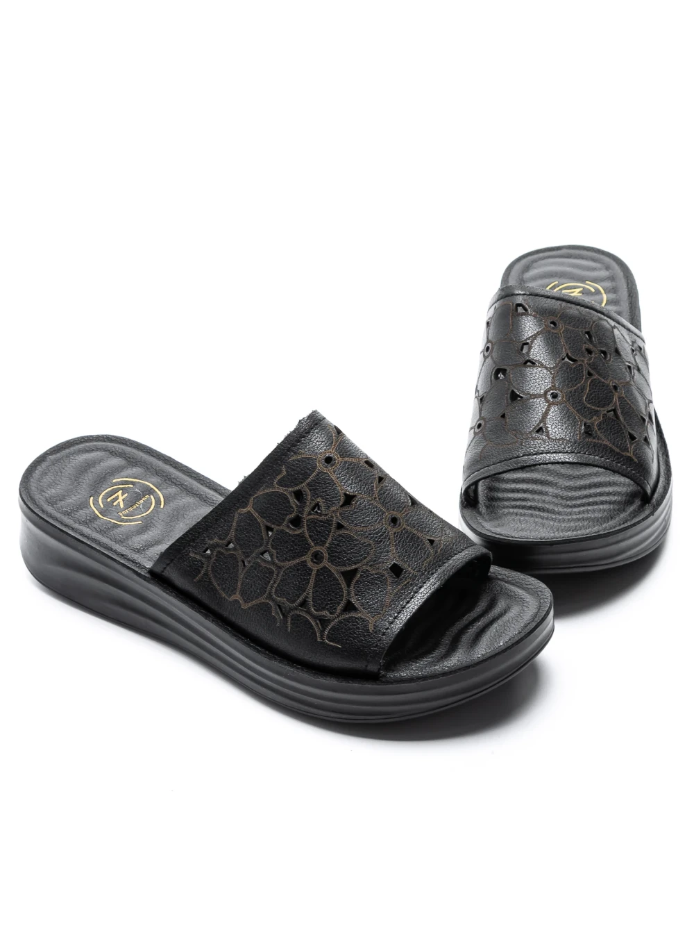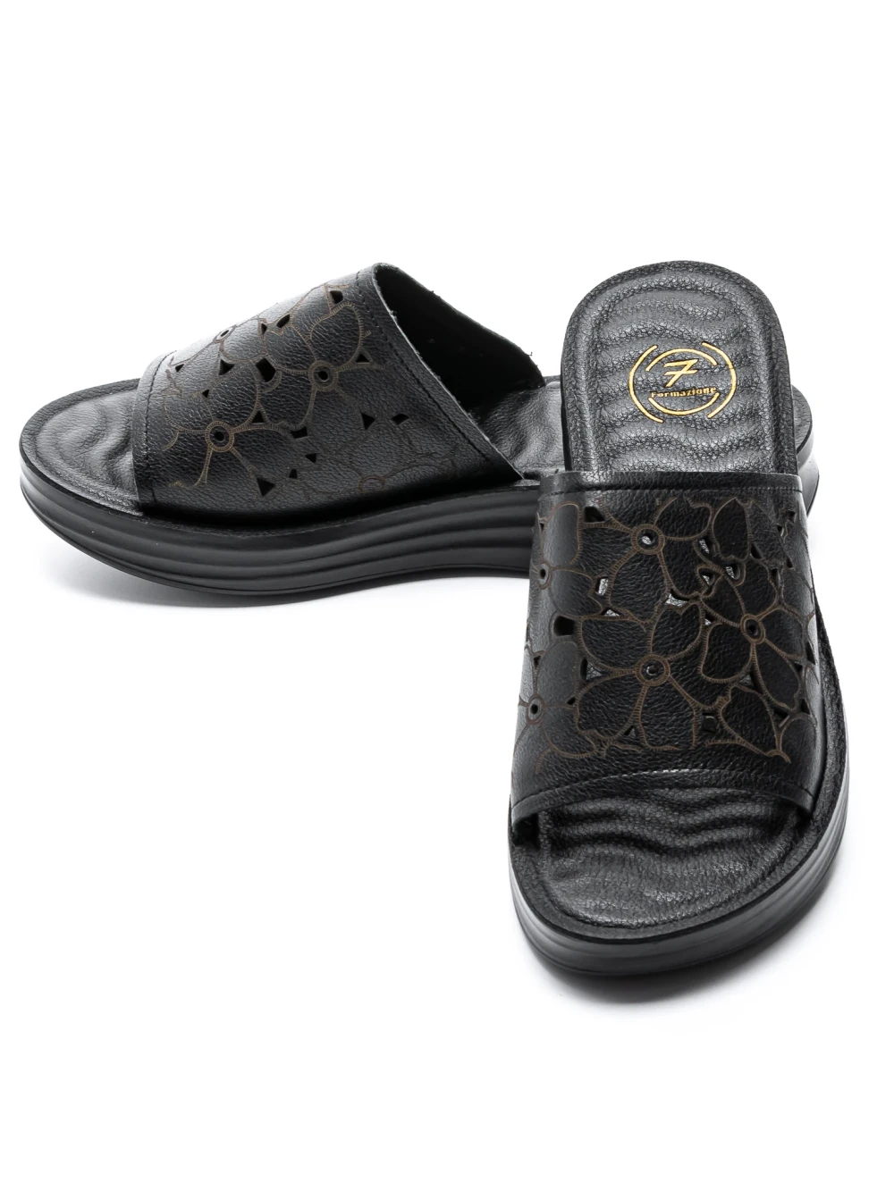 Damskie kapcie ze skóry naturalnej 2607905 Czarny | Formazione
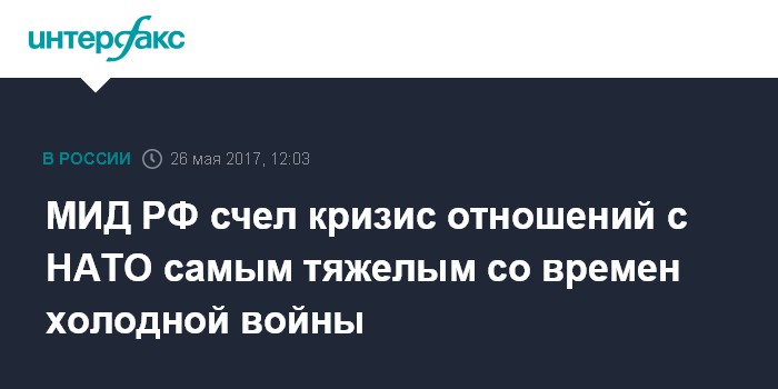 Москва. 26 мая. INTERFAX.RU - МИД РФ распространил в пятницу заявление в связи с 20-й годовщиной подписания в Париже Основополагающего акта о взаимных отношениях, сотрудничестве и безопасности между Россией и НАТО, из которого следует, что российско-натовские отношения переживают самый глубокий кризис со времен холодной войны.
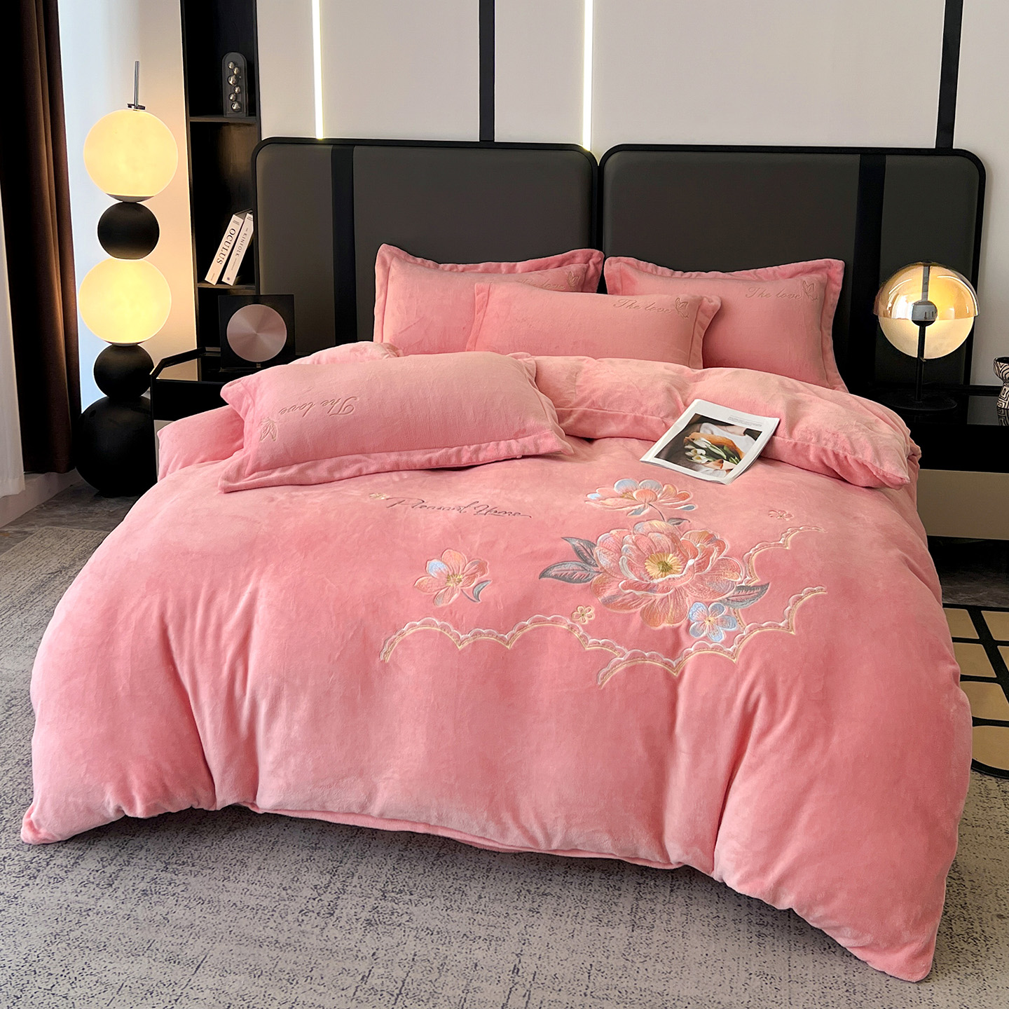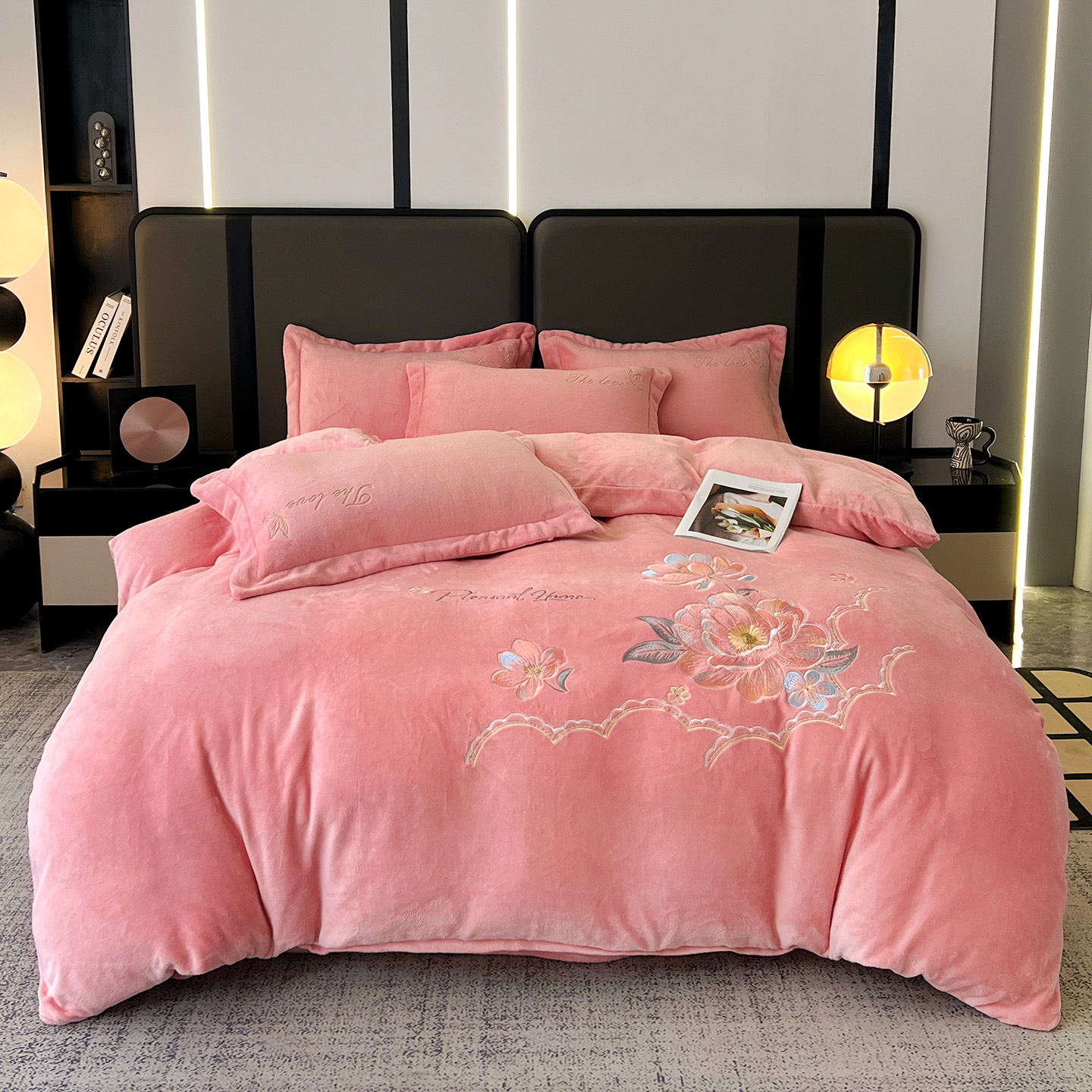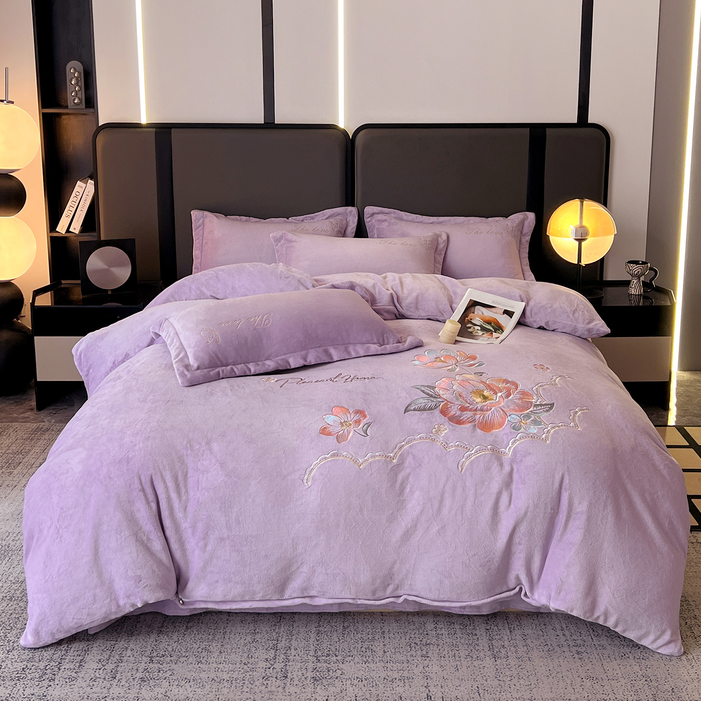 (总)居易简 2025新款亲肤刺绣款牛奶绒四件套-花晨月夕
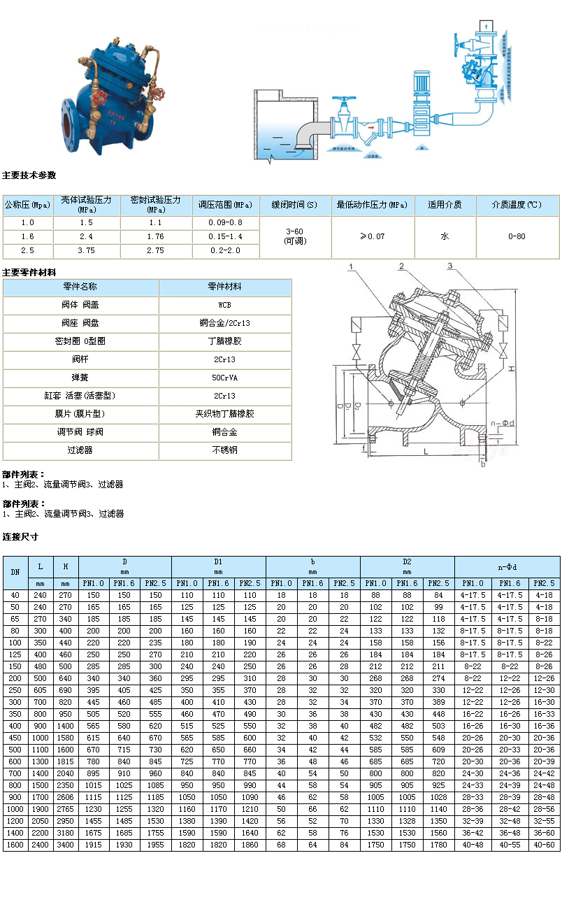 工作原理 當(dāng)水泵起動(dòng)起后,水壓作用于主閥閥盤(pán)下面和控制室下腔,此壓力使主閥開(kāi)啟,控制室上腔的水經(jīng)過(guò)調(diào)節(jié)閥B緩緩排到出口端,主閥緩緩開(kāi)啟。設(shè)定調(diào)節(jié)閥的開(kāi)度可得到合適地主閥開(kāi)啟速度。當(dāng)水泵停止工作后,進(jìn)口端水壓迅速下降,在自重、彈簧壓力作用下快速關(guān)閉大部分開(kāi)度,防止了水倒流余下的開(kāi)度由控制室上腔的水壓和下腔水壓聯(lián)合作用下緩緩關(guān)閉,關(guān)閉速度減慢形成了緩沖,防止壓力劇增。設(shè)定調(diào)節(jié)閥A、B的開(kāi)度和開(kāi)度比可得到合適的閥門(mén)啟閉速度。
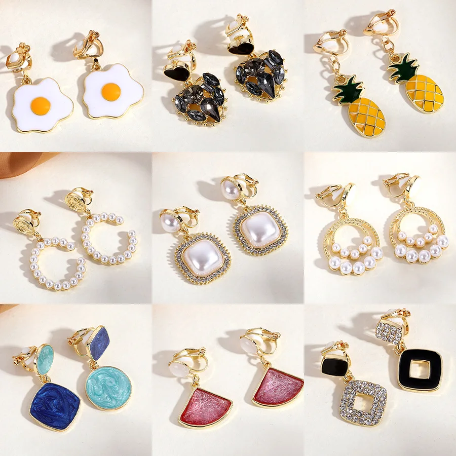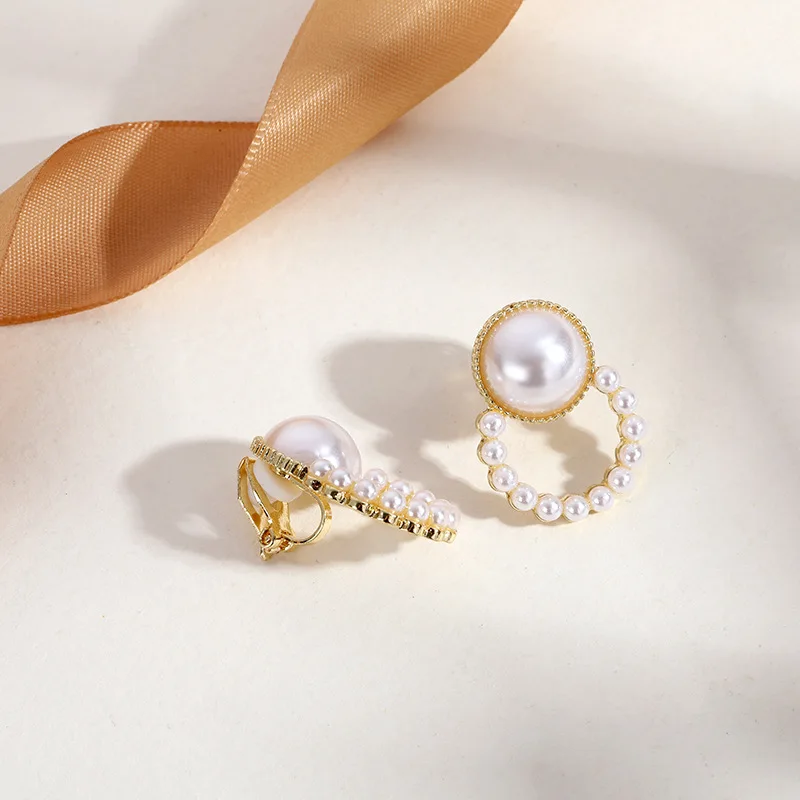 Women's Pearl Ear Clip Without Ear Hole Korean Edition Short Style Elegant Ear Hanger High End Light Luxury Square Earrings

Activity: Leaving out the pictures, print every record exactly as written.

Response for this exercise:
 Damskie kapcie ze skóry naturalnej 2607905 Czarny | Formazione
 Москва. 26 мая. INTERFAX.RU - МИД РФ распространил в пятницу заявление в связи с 20-й годовщиной подписания в Париже Основополагающего акта о взаимных отношениях, сотрудничестве и безопасности между Россией и НАТО, из которого следует, что российско-натовские отношения переживают самый глубокий кризис со времен холодной войны.
 (总)居易简 2025新款亲肤刺绣款牛奶绒四件套-花晨月夕
 工作原理 當(dāng)水泵起動(dòng)起后,水壓作用于主閥閥盤(pán)下面和控制室下腔,此壓力使主閥開(kāi)啟,控制室上腔的水經(jīng)過(guò)調(diào)節(jié)閥B緩緩排到出口端,主閥緩緩開(kāi)啟。設(shè)定調(diào)節(jié)閥的開(kāi)度可得到合適地主閥開(kāi)啟速度。當(dāng)水泵停止工作后,進(jìn)口端水壓迅速下降,在自重、彈簧壓力作用下快速關(guān)閉大部分開(kāi)度,防止了水倒流余下的開(kāi)度由控制室上腔的水壓和下腔水壓聯(lián)合作用下緩緩關(guān)閉,關(guān)閉速度減慢形成了緩沖,防止壓力劇增。設(shè)定調(diào)節(jié)閥A、B的開(kāi)度和開(kāi)度比可得到合適的閥門(mén)啟閉速度。
 Women's Pearl Ear Clip Without Ear Hole Korean Edition Short Style Elegant Ear Hanger High End Light Luxury Square Earrings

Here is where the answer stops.